Supplied material:
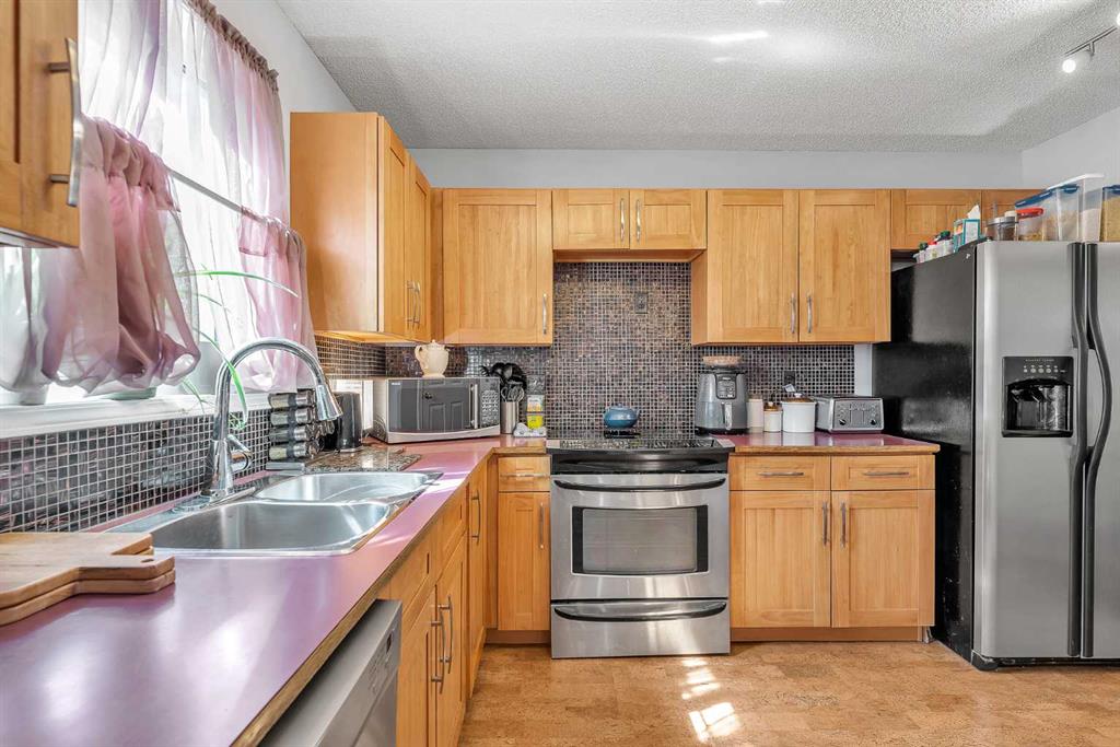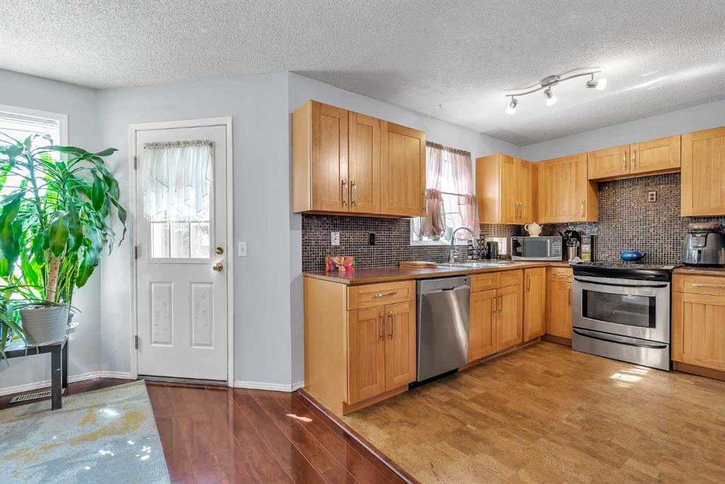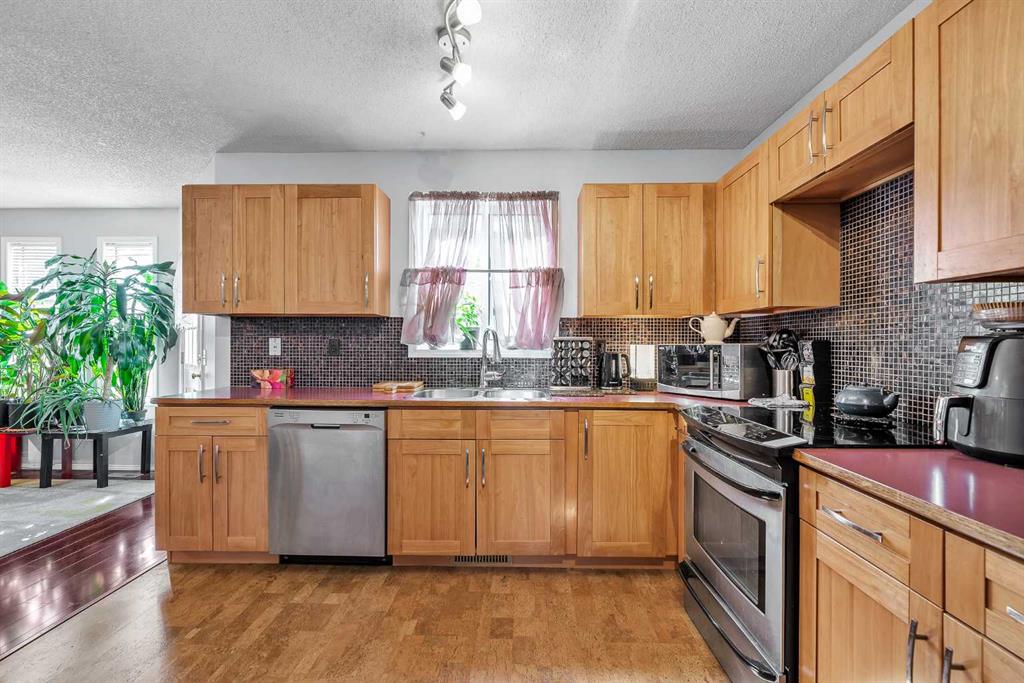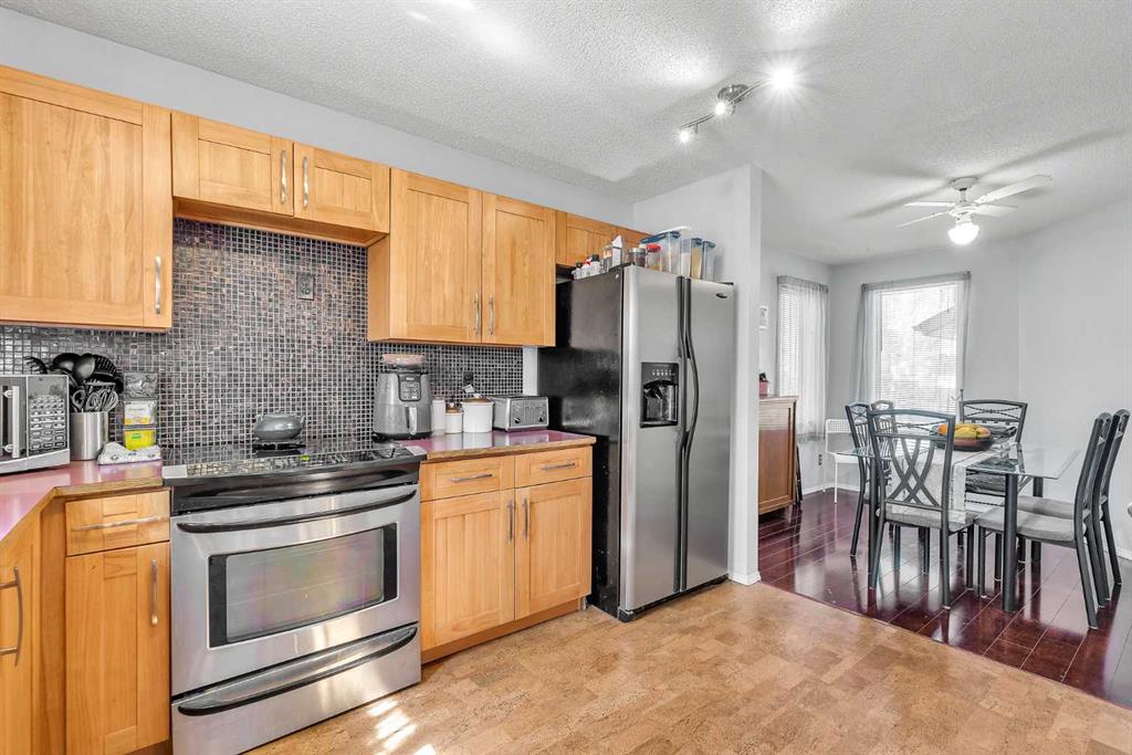Welcome to this beautifully maintained two-story home situated in the heart of the established community of Shawnessy. As you step inside, you are greeted by a functional and inviting layout that seamlessly connects the main living spaces. The updated kitchen serves as a central hub, boasting newer stainless steel appliances, modern cabinetry, and durable cork flooring that adds both comfort and style. Adjacent to the kitchen is a bright breakfast nook for casual meals, while the spacious formal dining room features elegant French doors, making it an ideal spot for hosting dinner parties. The living room provides a cozy retreat, anchored by a traditional wood-burning fireplace with a classic brick surround that adds warmth and character to the home. The upper level is designed with family living in mind, offering three well-appointed bedrooms. The primary suite serves as a private oasis, complete with its own three-piece ensuite bathroom. An additional four-piece bathroom services the other two bedrooms, ensuring plenty of space for everyone. Practicality meets convenience on the main floor, which includes a 2-piece powder room combined with a laundry area. Notable upgrades throughout the property provide peace of mind and energy efficiency, including a high-efficiency furnace, a newer hot water tank, and all new windows throughout the main and upper floors. The home is also equipped with a Vac-u-Flo system for easy maintenance and a double attached garage for secure parking and storage. The outdoor living space is equally impressive, featuring a sunny southwest-facing backyard that captures natural light throughout the day. You can enjoy quiet afternoons on the large deck, surrounded by the privacy of mature trees and a neatly landscaped yard with back lane access. This property perfectly balances modern updates with timeless charm in a location close to schools, shopping, and transit. Call me today for your personal viewing and see everything this wonderful home has to offer.
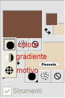 Se in un tutorial stai usando tutti i materiali - colore, gradiente, motivo - o soltanto due di questi, puoi passare da una modalitā all'altra senza dover aprire la paletta dei materiali.
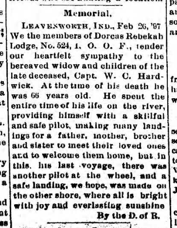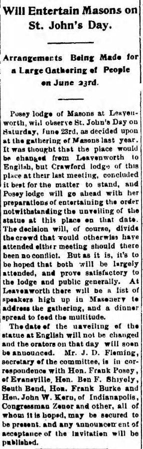 Posey Lodge #188 entertained Thursday night, April 15, 1921, the Crawford Lodge #470 of English with a grand fish fry. About forty of the members from English attended. Over two hundred pounds of fish were fried. The members were pleased with the entertainment. Joseph Bell secured the steamer Richard Rhea and took the visitors for a ride on the beautiful Ohio up as far as the new Government Dam # 44. After the return of the boat the Crawford lodge conferred the Master Mason degree upon Marsh Jenkins of Leavenworth. The English members were pleased to learn that Posey Lodge, which is the oldest lodge of Masons in the county, was in good condition financially. Besides the English members, many attended from Alton, Marengo and Milltown. (History of Crawford County Indiana – HH Pleasant)
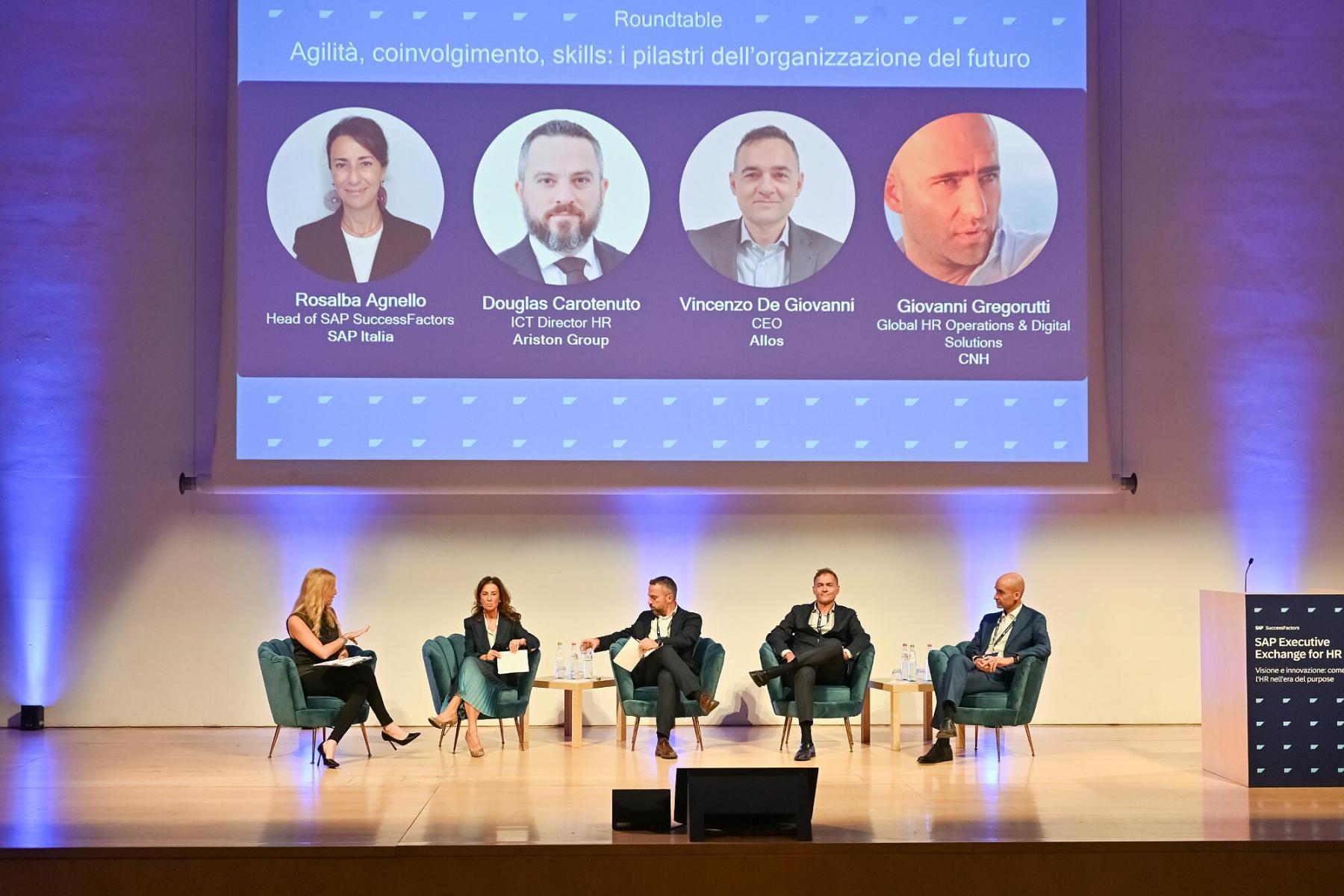 Un messaggio che ha fatto da ponte verso la tavola rotonda sull’organizzazione del futuro, moderata da Manuela Donghi, e animata dagli interventi dei nostri clienti Giovanni Gregorutti (CNH), Douglas Carotenuto (Ariston Group) e da Rosalba Agnello (SAP SuccessFactors) e Vincenzo De Giovanni (Allos).

Directions for this task: Reproduce every line above word for word; no images.

Result of this task:
Welcome to this beautifully maintained two-story home situated in the heart of the established community of Shawnessy. As you step inside, you are greeted by a functional and inviting layout that seamlessly connects the main living spaces. The updated kitchen serves as a central hub, boasting newer stainless steel appliances, modern cabinetry, and durable cork flooring that adds both comfort and style. Adjacent to the kitchen is a bright breakfast nook for casual meals, while the spacious formal dining room features elegant French doors, making it an ideal spot for hosting dinner parties. The living room provides a cozy retreat, anchored by a traditional wood-burning fireplace with a classic brick surround that adds warmth and character to the home. The upper level is designed with family living in mind, offering three well-appointed bedrooms. The primary suite serves as a private oasis, complete with its own three-piece ensuite bathroom. An additional four-piece bathroom services the other two bedrooms, ensuring plenty of space for everyone. Practicality meets convenience on the main floor, which includes a 2-piece powder room combined with a laundry area. Notable upgrades throughout the property provide peace of mind and energy efficiency, including a high-efficiency furnace, a newer hot water tank, and all new windows throughout the main and upper floors. The home is also equipped with a Vac-u-Flo system for easy maintenance and a double attached garage for secure parking and storage. The outdoor living space is equally impressive, featuring a sunny southwest-facing backyard that captures natural light throughout the day. You can enjoy quiet afternoons on the large deck, surrounded by the privacy of mature trees and a neatly landscaped yard with back lane access. This property perfectly balances modern updates with timeless charm in a location close to schools, shopping, and transit. Call me today for your personal viewing and see everything this wonderful home has to offer.
 Se in un tutorial stai usando tutti i materiali - colore, gradiente, motivo - o soltanto due di questi, puoi passare da una modalitā all'altra senza dover aprire la paletta dei materiali.
 Posey Lodge #188 entertained Thursday night, April 15, 1921, the Crawford Lodge #470 of English with a grand fish fry. About forty of the members from English attended. Over two hundred pounds of fish were fried. The members were pleased with the entertainment. Joseph Bell secured the steamer Richard Rhea and took the visitors for a ride on the beautiful Ohio up as far as the new Government Dam # 44. After the return of the boat the Crawford lodge conferred the Master Mason degree upon Marsh Jenkins of Leavenworth. The English members were pleased to learn that Posey Lodge, which is the oldest lodge of Masons in the county, was in good condition financially. Besides the English members, many attended from Alton, Marengo and Milltown. (History of Crawford County Indiana – HH Pleasant)
 Un messaggio che ha fatto da ponte verso la tavola rotonda sull’organizzazione del futuro, moderata da Manuela Donghi, e animata dagli interventi dei nostri clienti Giovanni Gregorutti (CNH), Douglas Carotenuto (Ariston Group) e da Rosalba Agnello (SAP SuccessFactors) e Vincenzo De Giovanni (Allos).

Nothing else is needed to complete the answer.